[Records contained in a dataset]
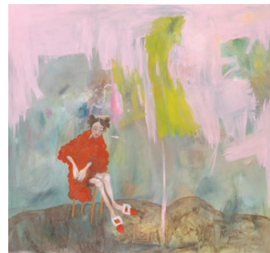
landscape for missing flowers, 2021 Magdalena Maller © Malerei & Grafik
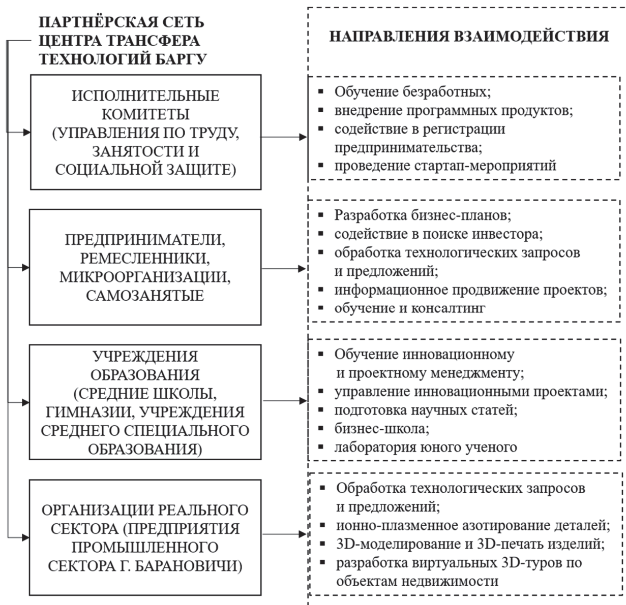
Рисунок 3. — Векторы взаимодействия с основными целевыми группами заказчиков Центра трансфера технологий БарГУ

Примечание — источник: собственная разработка по материалам деятельности Центра трансфера технологий.
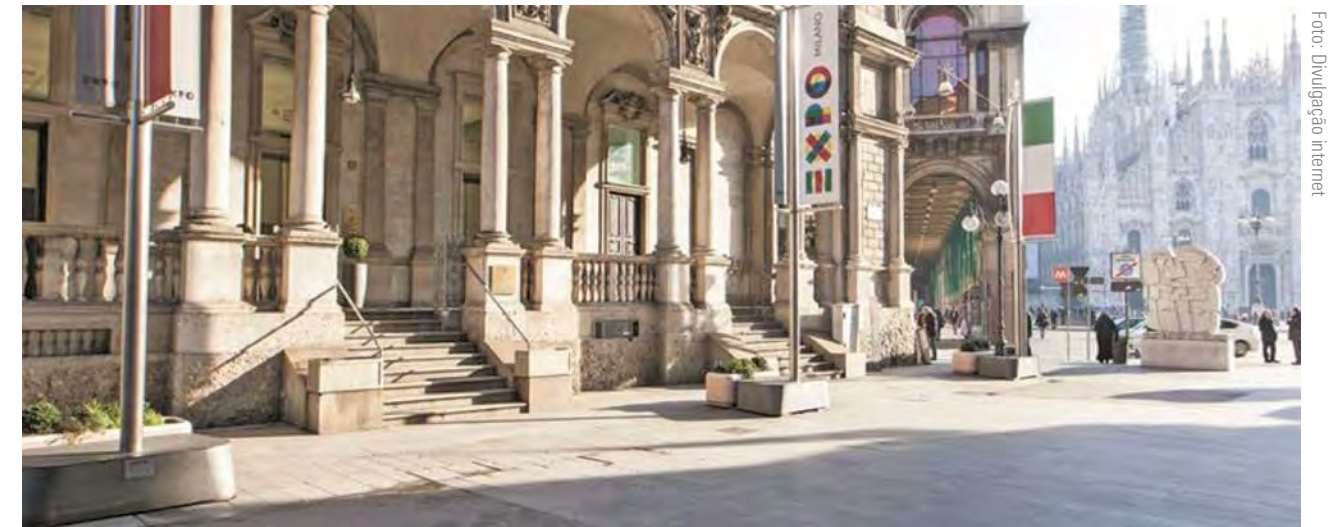
Palazzo F. Turati, sede da Camera di Commercio di Milano e da relativa câmara arbitral

Em 2017, algumas propostas normativas em tema de arbitragem foram elaboradas pela assim chamada Comissão Guido Alpa 5 , presidida pelo renomado jurista e nomeada pelo Ministério da Justiça italiano. Entre tais propostas, salienta-se, pela pertinência com a arbitragem internacional, a introdução da possibilidade de um “recurso per saltum ” à Corte Suprema de Cassação italiana nos casos de ação anulatória para a impugnação do laudo arbitral inválido ex lege (sem necessidade de transitar pelo segundo grau de juízo, que tem competência originária para a eventual ação de anulação), e a extensão dos poderes do árbitro de conceder medidas cautelares em caso de arbitragem administrada, antes

> WORK TO BE COMPLETED
With the pictures excluded, the records are to be reproduced exactly.

> EXERCISE RESPONSE
landscape for missing flowers, 2021 Magdalena Maller © Malerei & Grafik
Рисунок 3. — Векторы взаимодействия с основными целевыми группами заказчиков Центра трансфера технологий БарГУ

Примечание — источник: собственная разработка по материалам деятельности Центра трансфера технологий.
Palazzo F. Turati, sede da Camera di Commercio di Milano e da relativa câmara arbitral

Em 2017, algumas propostas normativas em tema de arbitragem foram elaboradas pela assim chamada Comissão Guido Alpa 5 , presidida pelo renomado jurista e nomeada pelo Ministério da Justiça italiano. Entre tais propostas, salienta-se, pela pertinência com a arbitragem internacional, a introdução da possibilidade de um “recurso per saltum ” à Corte Suprema de Cassação italiana nos casos de ação anulatória para a impugnação do laudo arbitral inválido ex lege (sem necessidade de transitar pelo segundo grau de juízo, que tem competência originária para a eventual ação de anulação), e a extensão dos poderes do árbitro de conceder medidas cautelares em caso de arbitragem administrada, antes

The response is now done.